Дома у нас были другие друзья. У Лени на работе не было друзей, были хорошие отношения со многими. У меня на работе было много хороших людей, но друзей не было. Близкими друзьями можно было назвать только несколько человек. О самом давнем, Б. А. Патушинском, я уже писала. Ксения Листопад, жена Якова Старосельского, была у Деникина секретарем подпольной большевистской организации, хотя было ей тогда 23–24 года от роду. У нее уже тогда начался туберкулезный процесс в легких. Когда она была арестована, она попала в зону действия английской разведки. Была приговорена к смертной казни. Когда ее увидел тюремный врач – англичанин (она была очень красивая), он сказал, что у нее туберкулез. А по английским законам казнить можно только здоровых, и ее оставили долечиваться в тюрьме. Она рассказывала, как в камере, где окно было высоко и было мало света, она зацепляла за оконную решетку пояс от пальто, влезала в эту петлю и так могла читать. Веса в ней было мало, пояс выдерживал. Читала она «Капитал» Гильфердинга[65]65
Имеется в виду книга немецкого марксиста Рудольфа Гильфердинга. См.: Гильфердинг Р. Финансовый капитал: Новейшая фаза в развитии капитализма / Авториз. пер. с нем. и вступ. ст. И. Степанова. М., 1912. 2‐е и 3‐е издания вышли в Петербурге в 1918 г.

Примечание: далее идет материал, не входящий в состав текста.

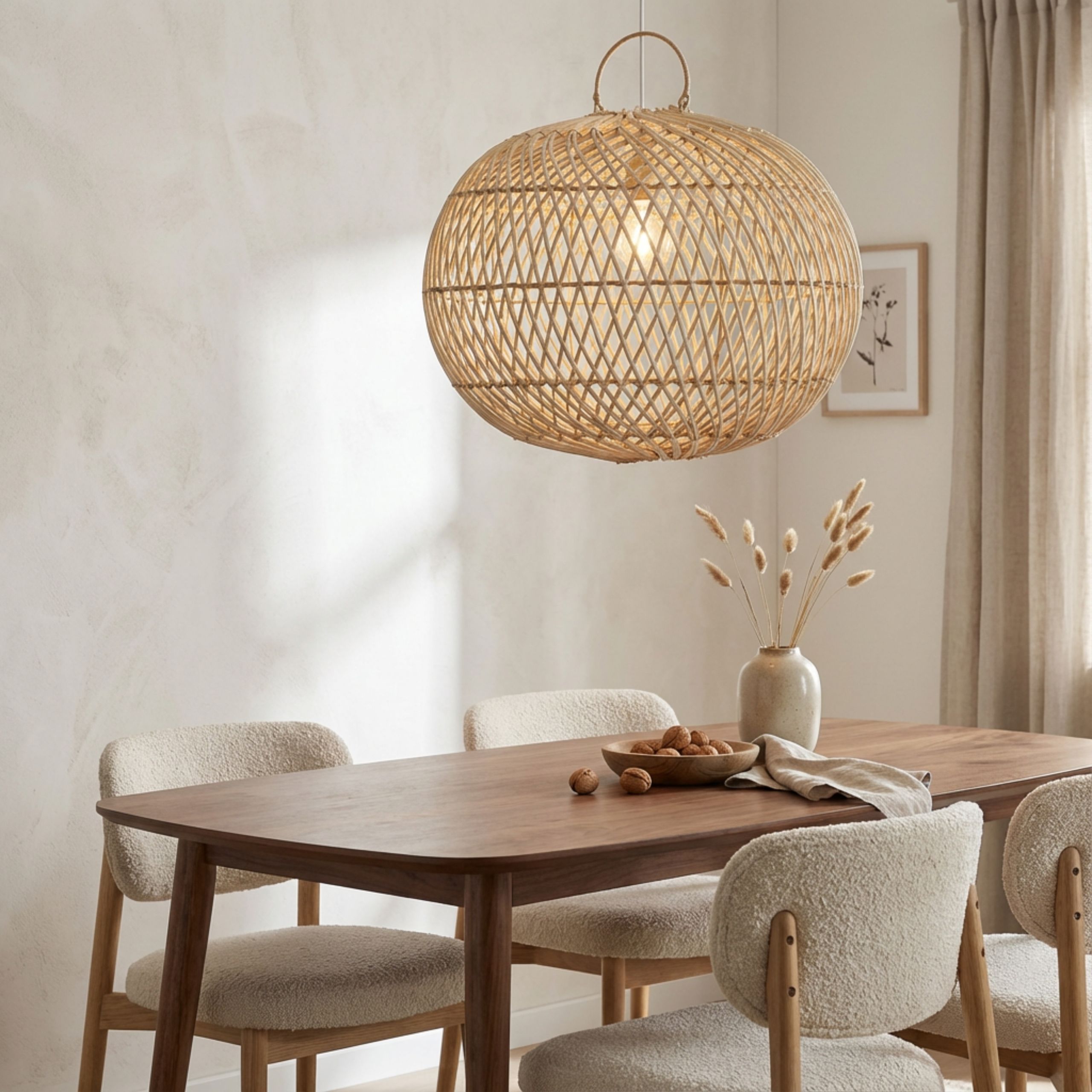 The 40 cm wide Kaya pendant lamp in natural rattan has a quiet, natural look and fits effortlessly into smaller rooms or in places where you want subtle lighting. Think bedroom, hallway, above a small table or in a cozy reading nook.

[Закрыть]. Ее освободили наши войска. К тому времени, как мы ее узнали, ей было 30–33 года. Она была очень худа, очень бледна, мало вставала. Леня ее боготворил. В это время она была беспартийной – подала заявление, что так больна, что не хочет быть балластом. На самом же деле не хотела быть причастной. Трахтенберги к этому времени уже тоже вышли из партии. Они никогда не говорили, почему и когда – были люди осторожные. Она – Ксения – была женой Якова Старосельского. Он был в житейских делах абсолютно беспомощным человеком. Несмотря на свое положение, заботилась о нем она, а не наоборот. Я бывала у них довольно редко, а Леня чаще. У них частенько собирались жены арестованных троцкистов. Они жили в одной комнате, длинной, с окном во двор, где-то в Леонтьевском переулке. Якова она любила очень. Он же имел уже другую женщину – Зину Старосельскую, миловидную, веселую, очаровательную, без строгих нравственных правил. Вечером он вставал из‐за письменного стола, за которым сидел с самого утра, и говорил: «Ну, я пошел к бабам», а Ксения умирала. На рентгеновском снимке (она мне показывала) был свободным небольшой кусочек одного легкого. Когда она ослабела совсем, она написала в деревню на Украину своей старой тетке, что просит разрешения приехать к ней умереть. Договорились с какой-то женщиной, чтобы она помогла ей доехать. Яков был ни при чем. Она не хотела обременять его похоронами. Отвезти ее он был не способен. Вот мы ее провожали. Леня не смог приехать. Были Яков, я и еще две ее подруги. Прошло около пятидесяти лет с тех пор, но все помнится как вчера. Как сердце сжималось от жалости! Провожание было без слез и очень молчаливым.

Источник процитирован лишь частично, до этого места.